(Extracted data entries)
((

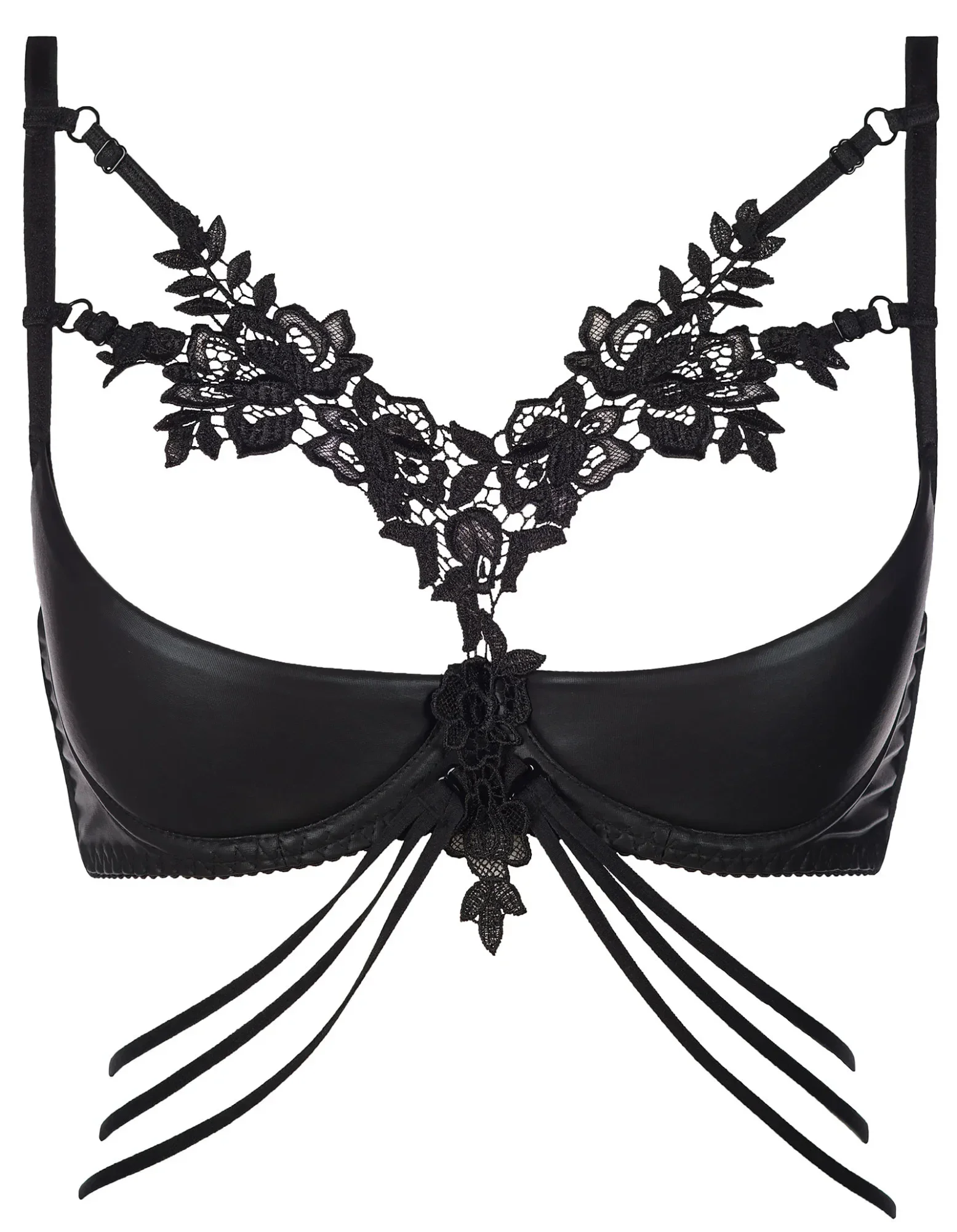 | Rozkošná, svůdná, černá podprsenka peek-a-boo V-8331 vám může zamotat hlavu svou strukturou a střihem - jemná matná tkanina vypadá jako latex. Krásnákvětinová výšivka na dekoltu není odnímatelná. Podprsenka má standardní háčky. |
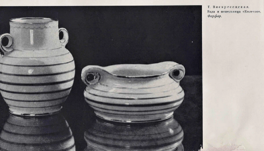Сервиз хорошо дополняют вазы с ручками-колечками. Вверху форма вазы так и называется - "Колечки" (автор формы Т.И. Воскресенская). Ваза слева по стилистике очень похожа на верхнюю. Это фактически та же ваза, но с включением дополнительных скульптурных элементов. Возможно, тоже работа Т.И. Воскресенской. Относится ли ближайшая к зрителю ваза-кувшин (справа) к работам Т.И. Воскресенской, сказать затрудняюсь.
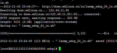 接下來,我們運行遠程下載命令 wget http://down.wdlinux.cn/in/lanmp_wdcp_24_in.sh 下載wdcp程序的RPM安裝包,該安裝包方便,快速,5分鐘就可安裝完。
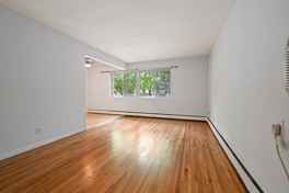 This unit has hardwood floors, a large living room with built-in air conditioner, a dining area, and a galley style kitchen. Bedrooms are generously sized.
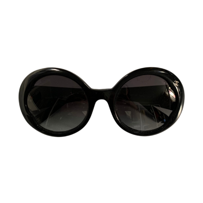 Adopt a glamorous and timeless look with these Chanel sunglasses. Their round and wide frame in shiny black acetate is a classic from the house, inspired by vintage chic. The smoked lenses offer effective sun protection and a sophisticated look. The temples are adorned with the iconic "CC" logo in golden metal, which adds a touch of discreet and recognizable luxury.
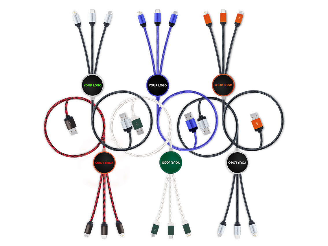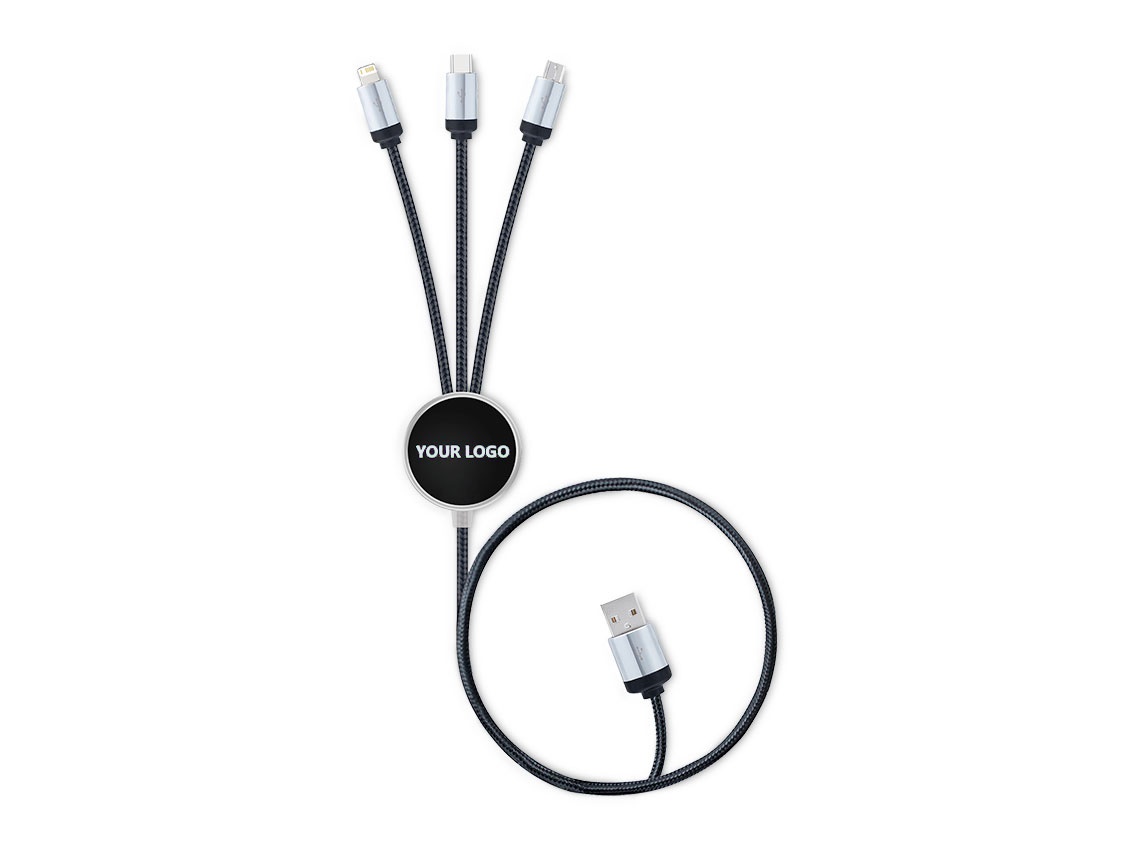 Universal charging cable with Micro USB, USB-C and Lightning connectors. Unique design with the possibility of backlit LED logo. The connector shells and the center frame can be selected in a glossy, matt or rubber version. The 120 cm cable has a nylon cover for more comfortable handling.

))

Exercise instructions: Could you copy every record above exactly, leaving out the pictures?

Result of the exercise:
 | Rozkošná, svůdná, černá podprsenka peek-a-boo V-8331 vám může zamotat hlavu svou strukturou a střihem - jemná matná tkanina vypadá jako latex. Krásnákvětinová výšivka na dekoltu není odnímatelná. Podprsenka má standardní háčky. |
Сервиз хорошо дополняют вазы с ручками-колечками. Вверху форма вазы так и называется - "Колечки" (автор формы Т.И. Воскресенская). Ваза слева по стилистике очень похожа на верхнюю. Это фактически та же ваза, но с включением дополнительных скульптурных элементов. Возможно, тоже работа Т.И. Воскресенской. Относится ли ближайшая к зрителю ваза-кувшин (справа) к работам Т.И. Воскресенской, сказать затрудняюсь.
 接下來,我們運行遠程下載命令 wget http://down.wdlinux.cn/in/lanmp_wdcp_24_in.sh 下載wdcp程序的RPM安裝包,該安裝包方便,快速,5分鐘就可安裝完。
 This unit has hardwood floors, a large living room with built-in air conditioner, a dining area, and a galley style kitchen. Bedrooms are generously sized.
 Adopt a glamorous and timeless look with these Chanel sunglasses. Their round and wide frame in shiny black acetate is a classic from the house, inspired by vintage chic. The smoked lenses offer effective sun protection and a sophisticated look. The temples are adorned with the iconic "CC" logo in golden metal, which adds a touch of discreet and recognizable luxury.
 Universal charging cable with Micro USB, USB-C and Lightning connectors. Unique design with the possibility of backlit LED logo. The connector shells and the center frame can be selected in a glossy, matt or rubber version. The 120 cm cable has a nylon cover for more comfortable handling.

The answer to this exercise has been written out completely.